═══ Material provided ═══
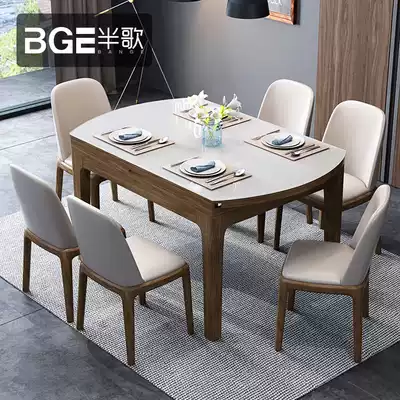 Half-song Nordic dining table and chair combination retractable dining table Modern simple round table folding table tempered glass
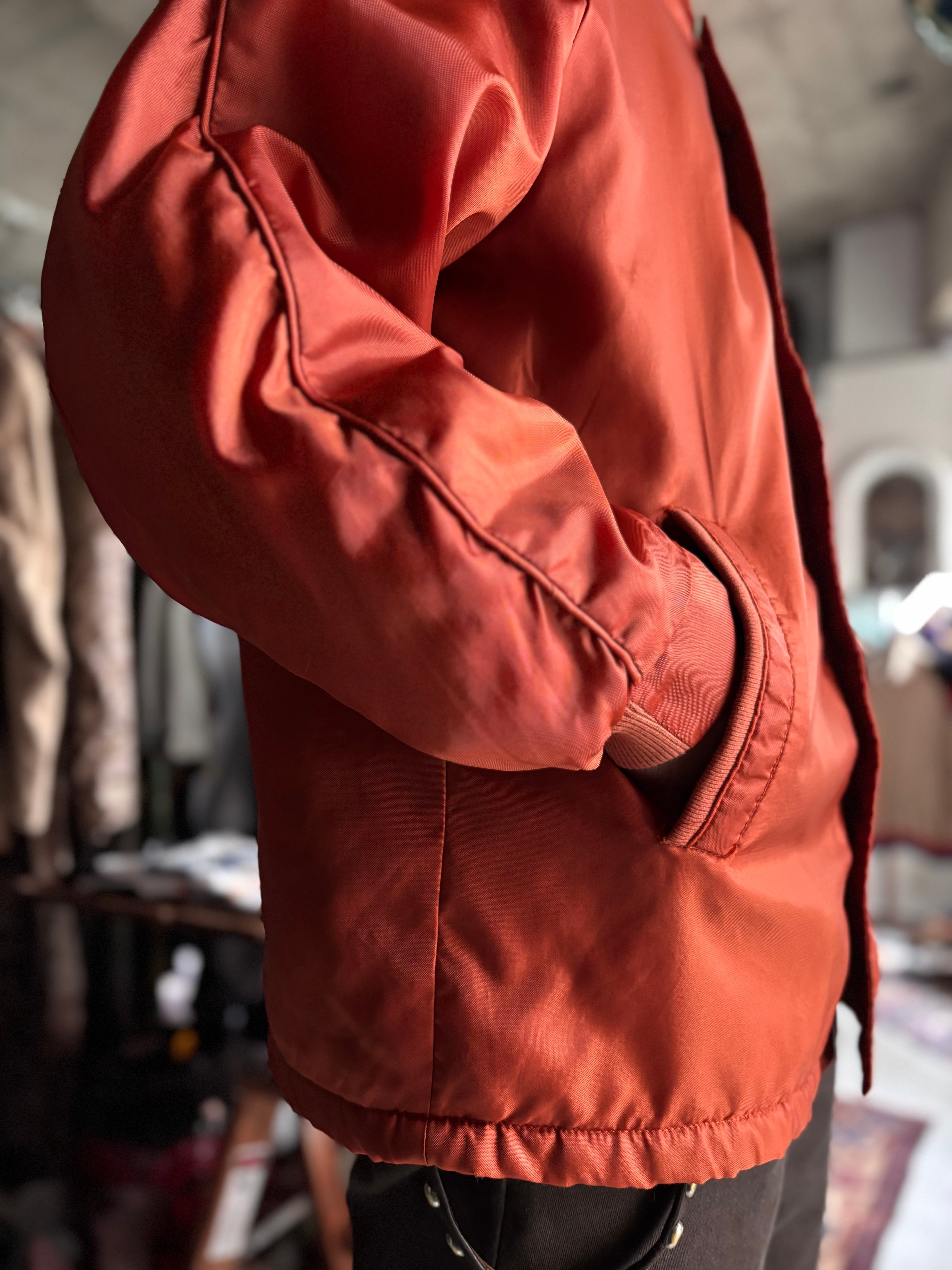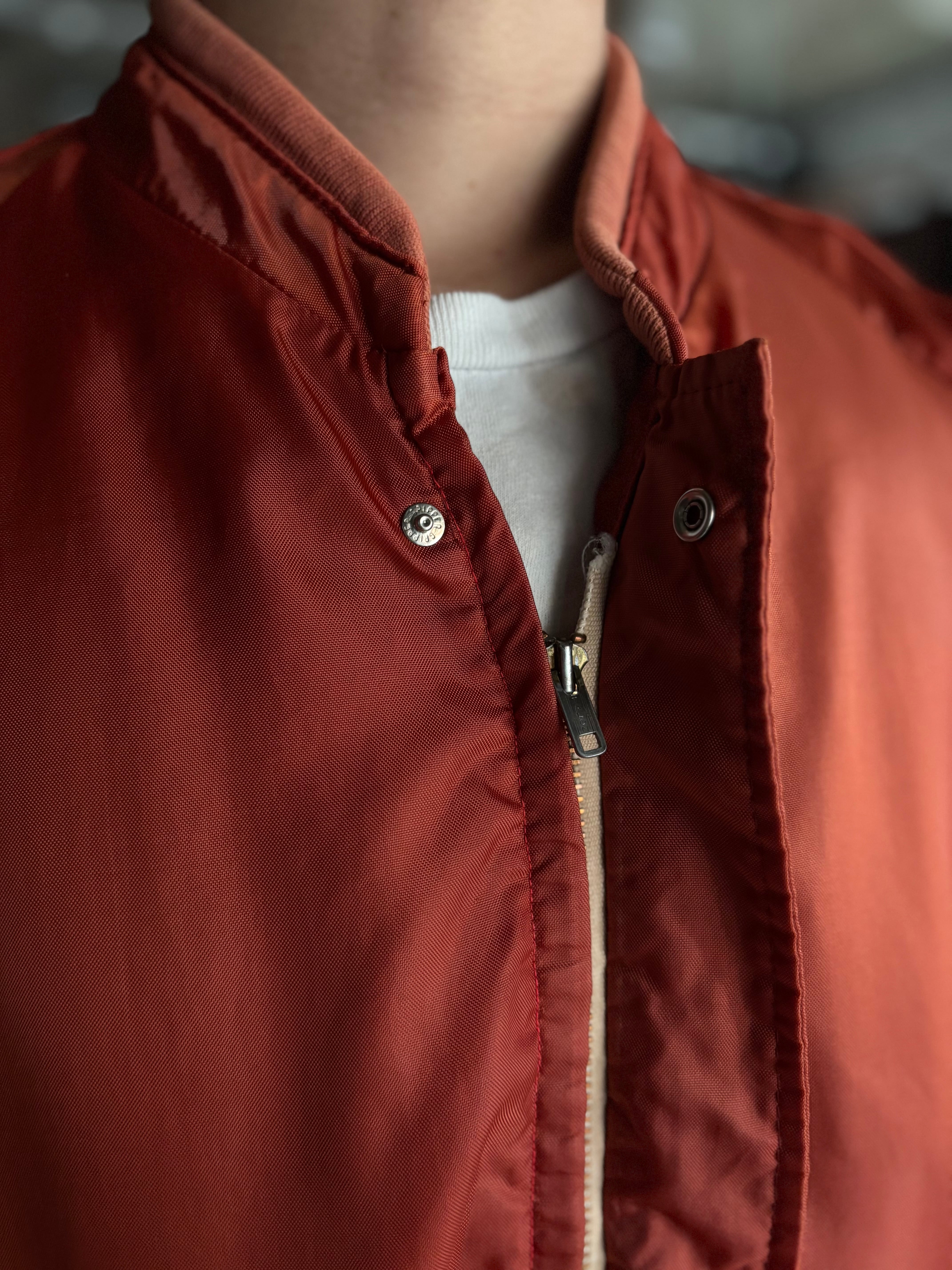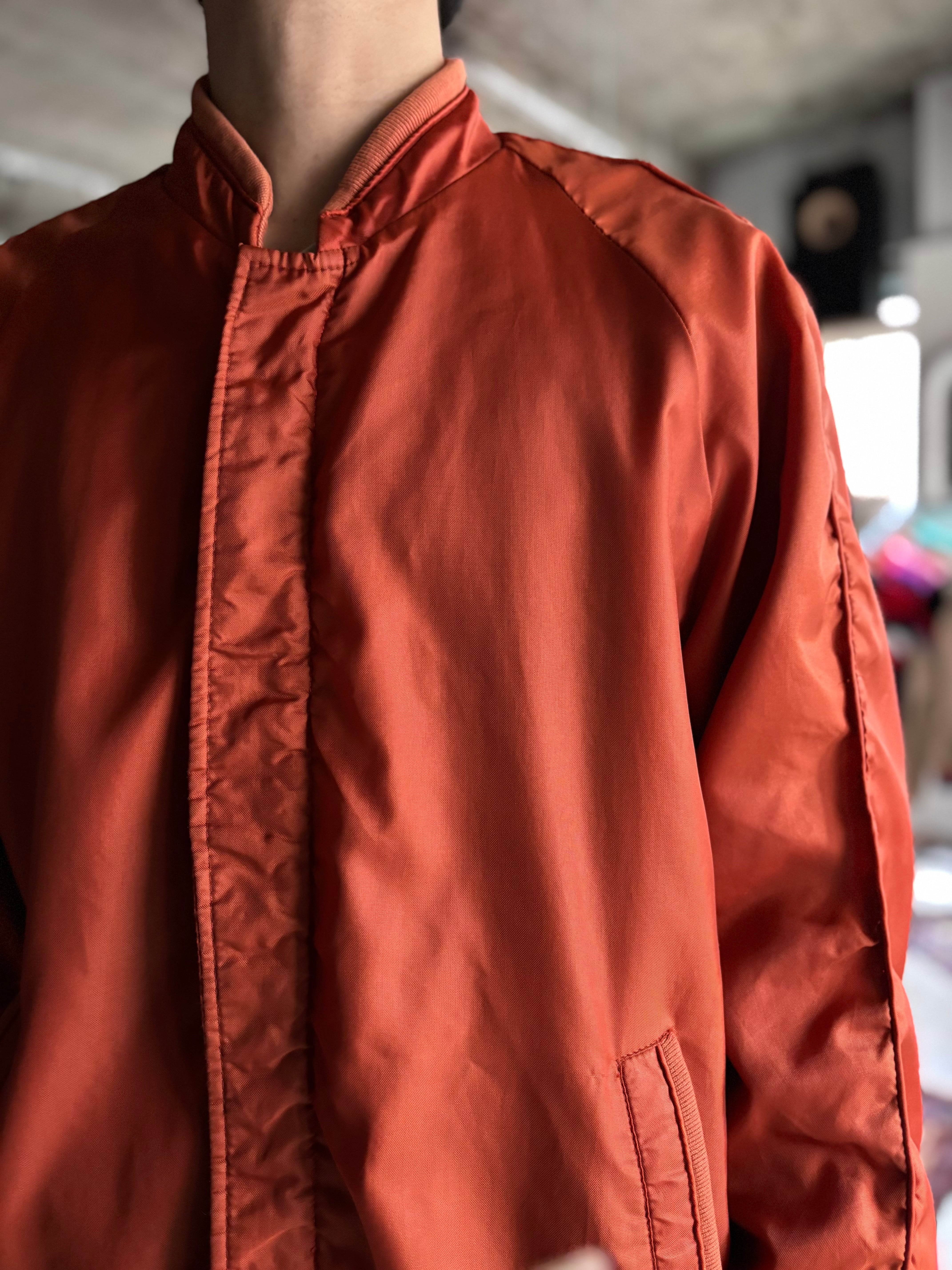 ナイロン素材に、内側はファーライナー仕様。オーセンティックフィット。スタンドカラー、リブ、ポケット口にリブが付いた珍しいデザイン。※古着らしい着用感のある一着です。ローテクなテイストが好きな方におすすめです。
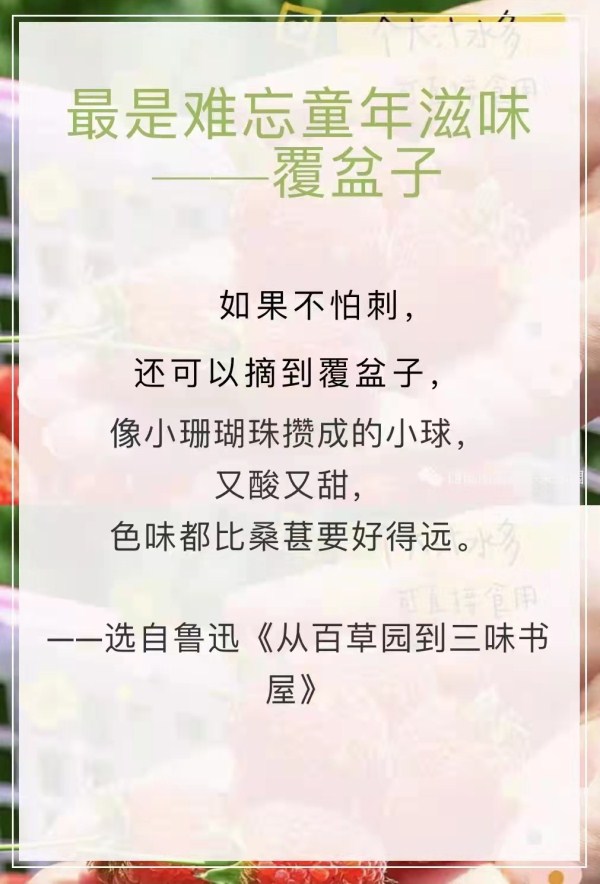 鲁迅曾在《从百草园到三味书屋》一文中描写过覆盆子,说它像小珊瑚珠攒成的小球,又酸又甜,可谓既形象又通俗易懂,这篇入选过教材的文章也是许多人对覆盆子的一个美好印象。
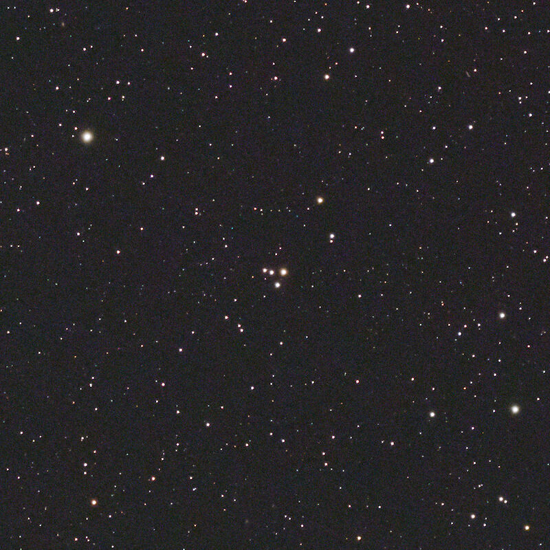 Die folgende Aufnahme zeigt das gesamte Bild in einer manuellen Bearbeitung (580mm, ASI2600MM, LRGB 1h). M73 befindet sich in der rechten unteren Ecke während links noch der Sternhaufen M72 zu sehen ist.
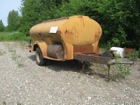 1400 gallon Clough fuel trailer. Ex military with 3 compartments. Tank is sound and all valves work. No pump. Two side compartments for 55 gallon drums. Great for fueling equipment or a mining outfit. Pintle hitch. $1800.
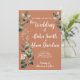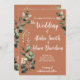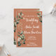 Wedding invitations featuring watercolor sage green floral leaves with blush and ivory flowers on a terracotta background.
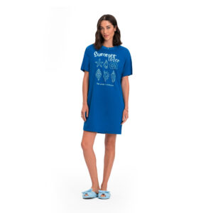 A camisola manga curta do coordenado Summer Love é perfeita para quem busca praticidade e estilo nas noites mais quentes. Confeccionada em algodão, proporciona toque macio e respirável. Em tom azul, traz estampa de conchas e a frase “Summer Love”, criando um visual descontraído e divertido. O decote arredondado e a modelagem solta garantem conforto absoluto. Uma peça leve e encantadora para relaxar com leveza e bem-estar.
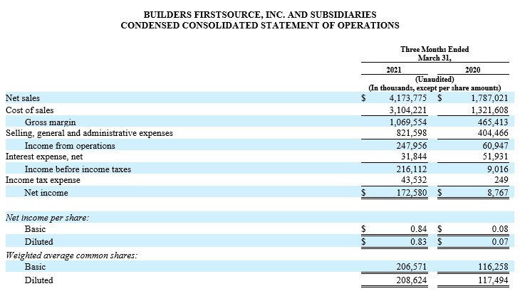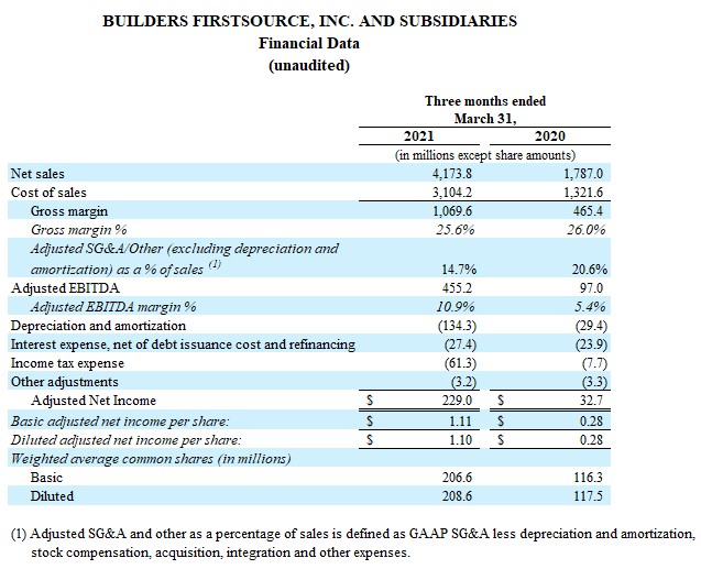 Builders Firstsource Reports Record First Quarter 2021 Results Builders Firstsource Inc
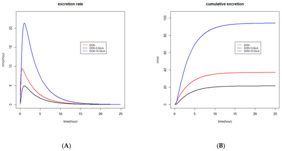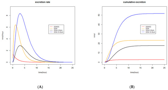 The time to reach the maximum excreted amount (Tmax) of DON, DON-3-GlcA, and DON-15-GlcA in urine, based on the estimated parameters, varied between 0.5 and 1 h. This can also be observed in Figure 2A, where the estimated excretion rates of DON, DON-3-GlcA, and DON-15-GlcA versus time are given.
═══
* [Work required] Nothing but the lines above, starting at the line that contains "鲁迅曾在《从百草园到三味书屋" and ending at the line that contains "Die folgende Aufnahme", should be given again, exactly and without the pictures.

* [Answer to the exercise]
 鲁迅曾在《从百草园到三味书屋》一文中描写过覆盆子,说它像小珊瑚珠攒成的小球,又酸又甜,可谓既形象又通俗易懂,这篇入选过教材的文章也是许多人对覆盆子的一个美好印象。
 Die folgende Aufnahme zeigt das gesamte Bild in einer manuellen Bearbeitung (580mm, ASI2600MM, LRGB 1h). M73 befindet sich in der rechten unteren Ecke während links noch der Sternhaufen M72 zu sehen ist.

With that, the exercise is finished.